I'm working on a slightly larger project of my own and I need to make a localhost proxy in python.
The way I wrote mine is that there's a TCP server (using socket and SOCK_STREAM) on port 8080 on the localhost. It accepts a request from the local host, using slicing, string.find(), and gethostbyname() finds that target IP, so it opens up another TCP socket, sends the request and recv's a reply. After that, it relays the reply back to the localhost proxy which in turn throws it back at the browser.

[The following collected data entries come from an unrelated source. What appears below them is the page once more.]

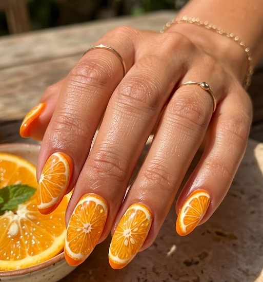 Orange slice nails are fun, playful, and perfect for summer. This design features tiny citrus slice patterns painted on the nails, often with a glossy finish to mimic juicy fruit. It’s a creative way to embrace the orange theme while adding a unique twist. This style is ideal for vacations, beach outings, or just brightening your mood.
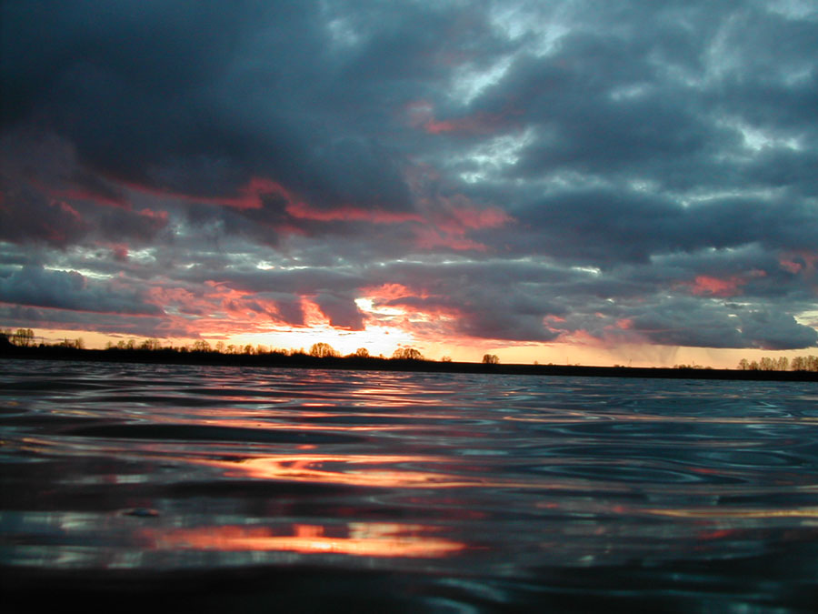 Apacioj kairej tamsi deme ir neryskus blikas. Virsuj kairej vienspalvio debesies lopas. Kairej horizonto medziai nuobodziai vienodi. Todel siekiant islaikyti formata 2:3 ir, kad horizonto linija eitu par 1/3 nuo apacios, o saule per 1/3 nuo kaires, tenka kirpt ir apacia, virsu ir kairi sona.
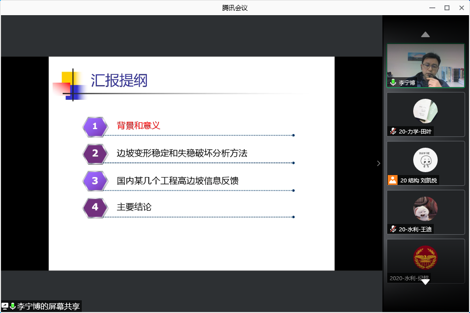 承办的2021年第18期(总第1007期)“稷下风”研究生学术讲坛在线上腾讯会议成功举办。本次讲坛有幸邀请到了李宁博高级工程师,高级工程师李宁博的汇报题目是《高边坡失稳分析与探讨》。此次讲坛由吃瓜网
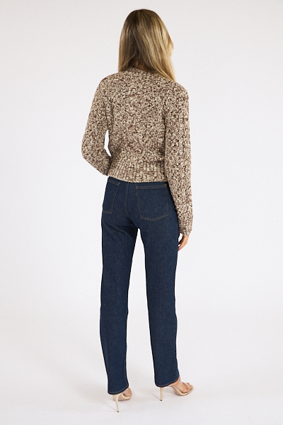 Quinn delivers classic cable knit charm with a shrunken silhouette that feels contemporary, never bulky.
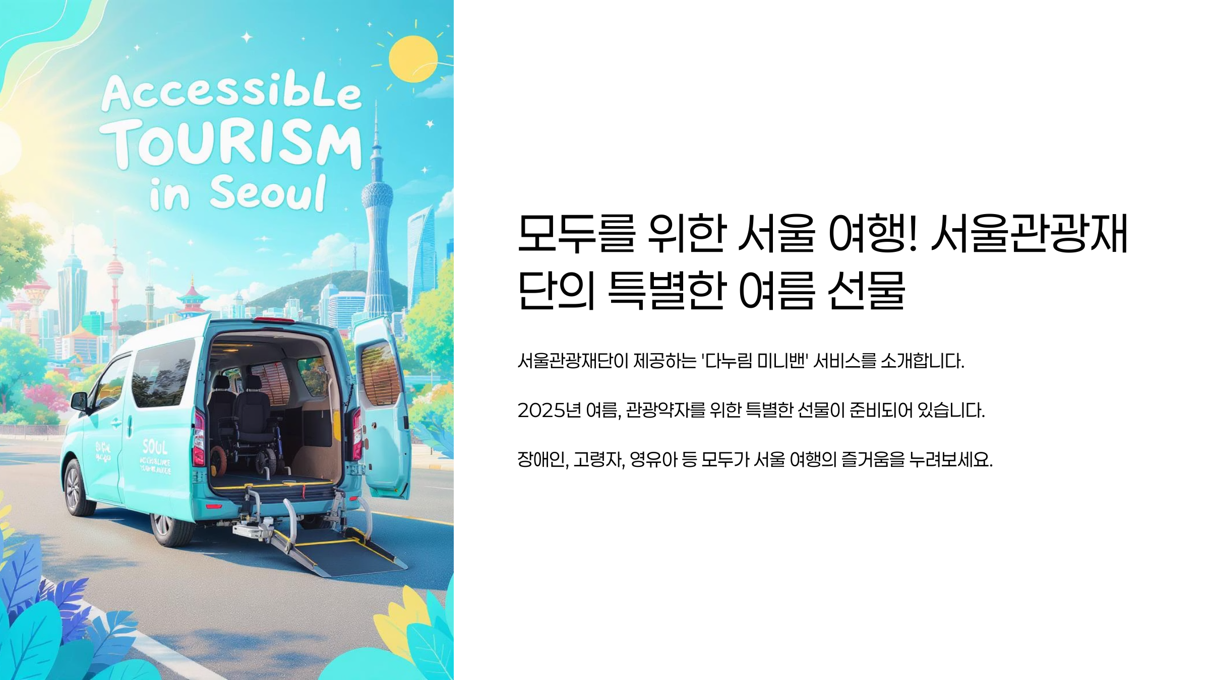 따뜻한 햇살과 함께 설레는 여름휴가 시즌이 다가오고 있습니다! ☀️ 하지만 거동이 불편하신 분들이나 휠체어를 이용하시는 분들에게 서울 여행은 때때로 많은 고민과 어려움을 동반하기도 하죠. 이러한 분들의 편안하고 즐거운 서울 여행을 위해 서울관광재단에서 아주 특별한 여름 선물을 준비했다는 반가운 소식입니다!
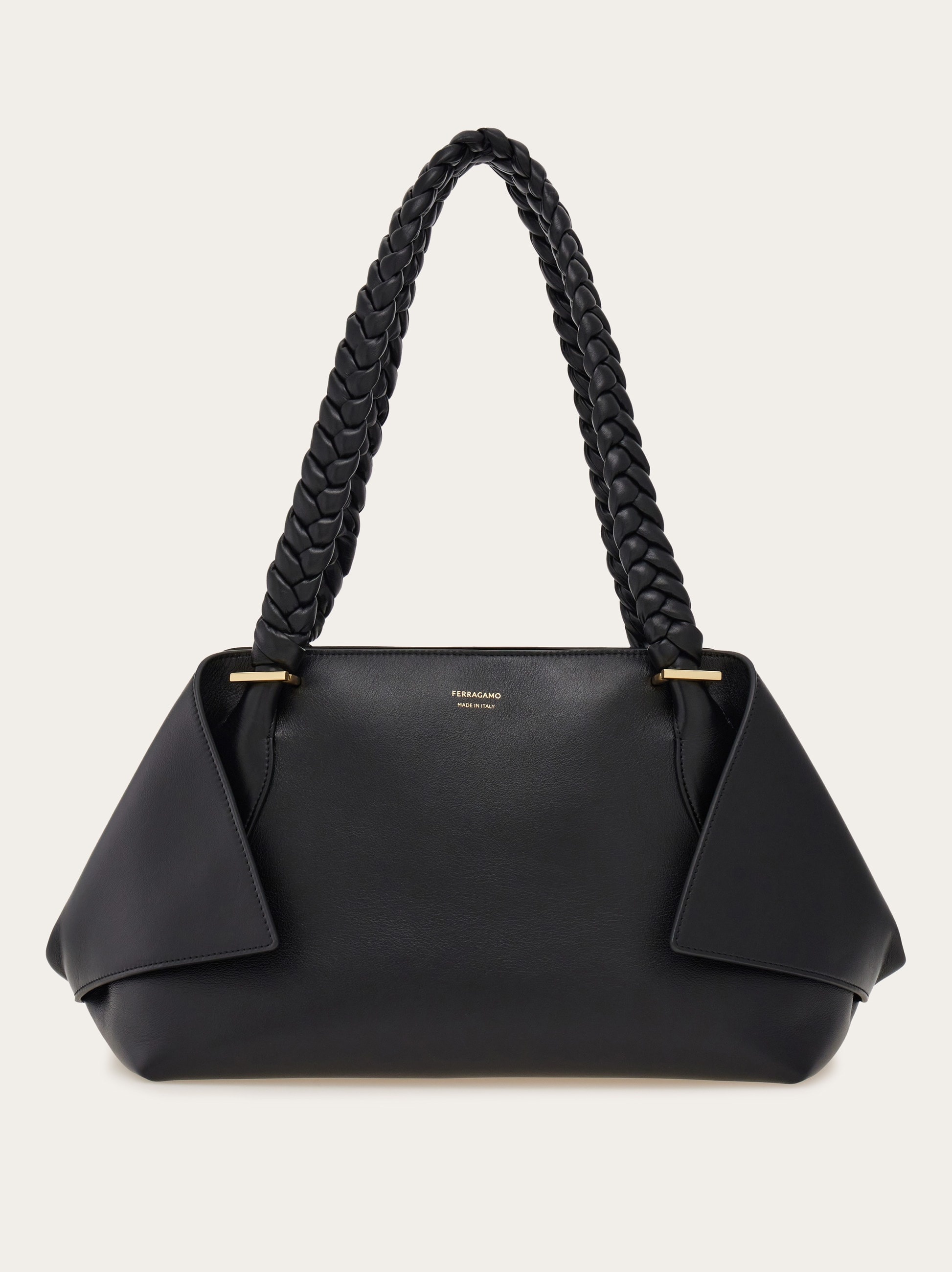 Ferragamo introduce a brand new silhouette: the Scarf bag. With its natural sophistication, the smooth calfskin leather billows at the sides like soft fabric, while the braided, mid-length top handle echoes the Brand’s artisanal flair. A double slider zip opens to reveal a spacious lined interior with zip pocket, and custom metal studs protect the base. - A) Height 9.4 IN B) Length 17.7 IN C) Width 7.4 IN - Composition: calfskin - Large - Made in ITALY - Product code: 219871 781020
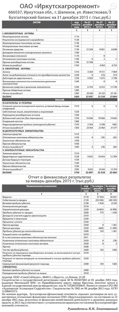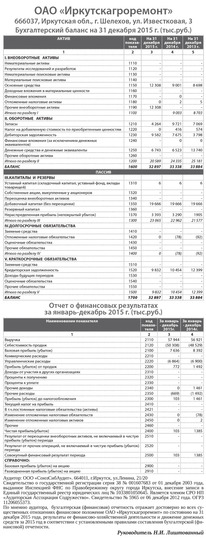 ОАО «Иркутскагроремонт». Бухгалтерский баланс на 31 декабря 2015 г. (тыс.руб.)
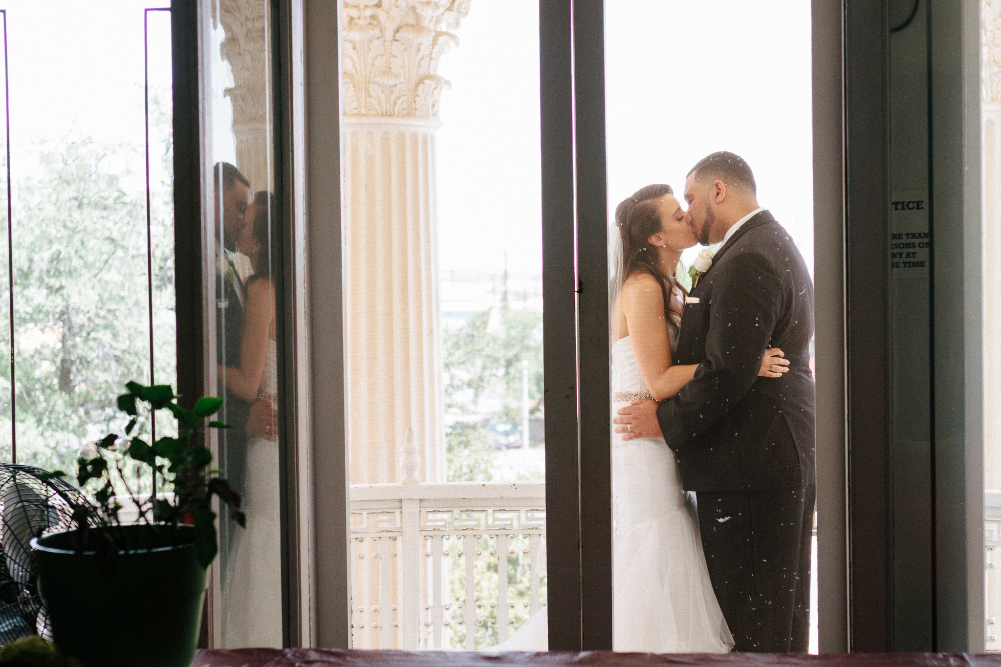 bride and groom kiss on the balcony-1
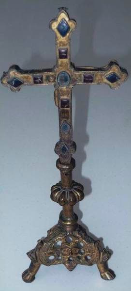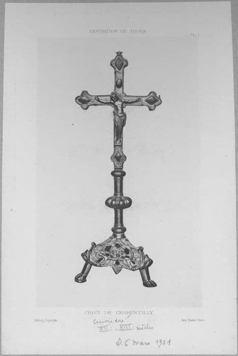 Croix fixée sur un trépied orné de masques et de rinceaux.
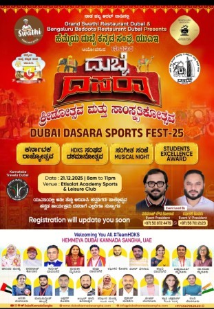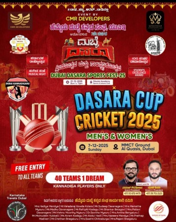 ದುಬೈ ದಸರಾ ಕಪ್ ಕ್ರಿಕೆಟ್ ಡಿಸೆಂಬರ್ 7ಕ್ಕೆ- ಹೆಮ್ಮೆಯ ದುಬೈ ಕನ್ನಡ ಸಂಘದಿಂದ 7ನೇ ವರ್ಷದ ದಸರಾ ಕಪ್ ಕ್ರಿಕೆಟ್ ಆಯೋಜನೆ

This is the code with ample debugging messages and a debug file to collect the requests of the browser and the replies received back (also note this is just a prototype, hence the limited for loop instead of a while 1 loop):
import socket
local = socket.socket(socket.AF_INET, socket.SOCK_STREAM)
f = open('test.txt', 'a')
local.bind(('localhost', 8080))
local.listen(5)
for i in xrange(20):
print '=====%d=====\n' % i
out = socket.socket(socket.AF_INET, socket.SOCK_STREAM)
data, addr = local.accept()
print 'Connection accepted'
buffer = data.recv(4096)
print 'data recieved'
f.write('=============================================================\n')
f.write(buffer)
end = buffer.find('\n')
print buffer
#print buffer[:end]
host = buffer[:end].split()[1]
end = host[7:].find('/')
print host[7:(end+7)]
host_ip = socket.gethostbyname(host[7:(end+7)])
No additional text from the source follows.